Por lo demás, nada justificaría semejante sacrificio al derecho de defensa, si es que de la sustentación que se haga, como aquí aconteció, al momento mismo de interponerlo, se enterará necesariamente el superior. Ninguna diferencia sustancial, pues, hay entre alegar allá y hacerlo acá. “El enteramiento del superior, que es lo prevalente, será en todo caso igual.
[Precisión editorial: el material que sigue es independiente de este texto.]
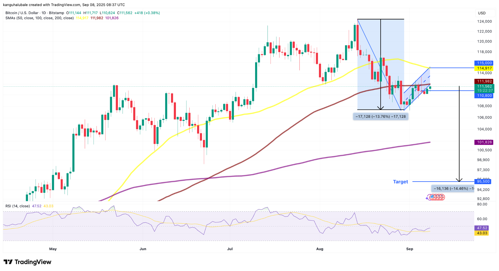 Bitcoin price bear flag targets $95,000
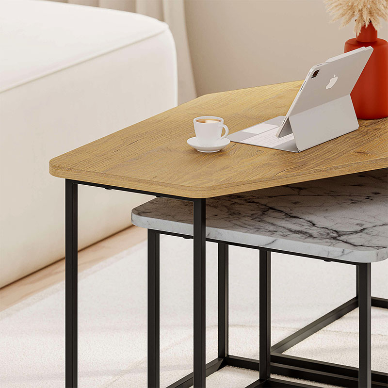 Σετ τραπεζάκια σαλονιού Nesty Megapap 3 τμχ από μελαμίνη χρώμα saphhire oak – γκρι ρετρό – λευκό εφέ μαρμάρου 110x60x48εκ.
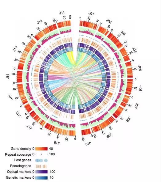 然后利用遺傳圖和光學(xué)圖譜對(duì)A、B亞基因組進(jìn)行區(qū)分,整體掛載效果非常好,A為91.48%,B為72.32%。利用光學(xué)圖譜和遺傳圖譜對(duì)基因組進(jìn)行區(qū)分,為其他多倍體物種基因組研究提供了參考。

Con el agregado, desde luego, de que si la segunda instancia debe surtirse en sede diferente a la del juez que dictó la decisión apelada, ya tal posibilidad de sustentar ante éste, amén de armoniosa con el principio aludido, resulta por demás provechosa al principio de economía”. 3. En consecuencia, la decisión de declarar desierto el recurso de apelación interpuesto por el apoderado judicial de la accionante, frente a la sentencia de primer grado, so pretexto de la falta de sustentación del recurso, pese a que se había dado cumplimiento a tal requisito ante el a quo, como sin duda emerge de la lectura de la prueba documental que milita del folio 1 al 7 del cuaderno 1, contraría la correcta interpretación de la reforma que introdujo el artículo 36 de la ley 794 de 2003, razón por la cual adquirió visos de capricho y arbitrariedad estructurantes de la vía de hecho aducida por la accionante, con alcance suficiente para conculcar el derecho fundamental invocado, como quiera que con la misma negó a la recurrente el acceso a la segunda instancia y le restringió en grado sumo el derecho de defensa, de donde deviene viable el despacho favorable de la solicitud de amparo; pues el mecanismo de defensa judicial que le reprochó el a quo no haber utilizado, es decir, el recurso de reposición, no resulta idóneo y eficaz, en la medida en que el juez ya había fijado su criterio, como ya lo ha precisado la Corte. 4.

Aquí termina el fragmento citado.